Generators produce electrical power and place it onto the transmission system. This is done using a transformer to convert the output of the generation unit into high-voltage AC power. Then, the power is transmitted long distances over high-voltage lines. Once the high-voltage power is close to consumers, its voltage is lowered at a substation so that it can travel over residential power lines. Finally, low-voltage lines will distribute electricity to consumers.

In deregulated markets, each role in the power grid is typically handled by a different company.

•   Merchant Generator. A generator who sells power to another company (usually a load serving entity).

•   Investor Owned Utility. In deregulated markets, the infrastructure of the transmission system is typically owned by a single utility. This utility will not own generation and is commonly called a “wires” company.

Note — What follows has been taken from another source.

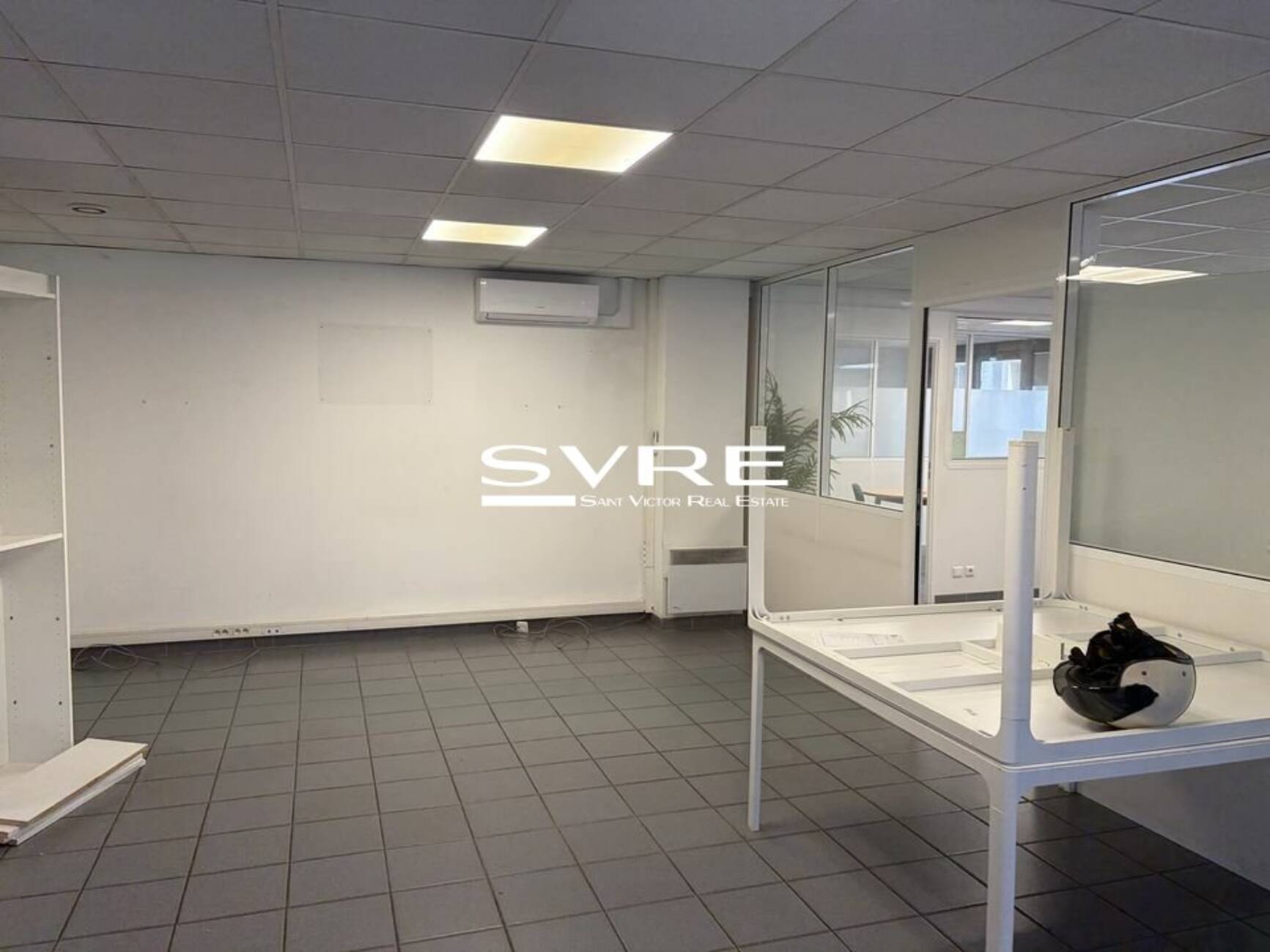 Le local se compose de cinq espaces distincts : un grand bureau d'accueil avec open space pouvant accueillir jusqu'à quatre postes, une salle de réunion, deux bureaux individuels, un espace cuisine / sanitaire.

•   Load Serving Entity (LSE). A load serving entity is a company that provides electric service to either end-users or wholesale customers. In deregulated markets, LSEs are typically intermediaries between the power grid operator, the generators, and consumers.

•   Provider of Last Resort (POLR). In states providing retail competition, the POLR is the load serving entity that is obligated to sell power to consumers if they don’t choose a supplier or their chosen supplier goes out of business.

In regulated markets, all four jobs are commonly performed by a state-sponsored monopoly utility:

•   Integrated Utility. In a regulated market, an integrated utility is typically a regulated monopoly that owns generation, transmission, and distribution assets.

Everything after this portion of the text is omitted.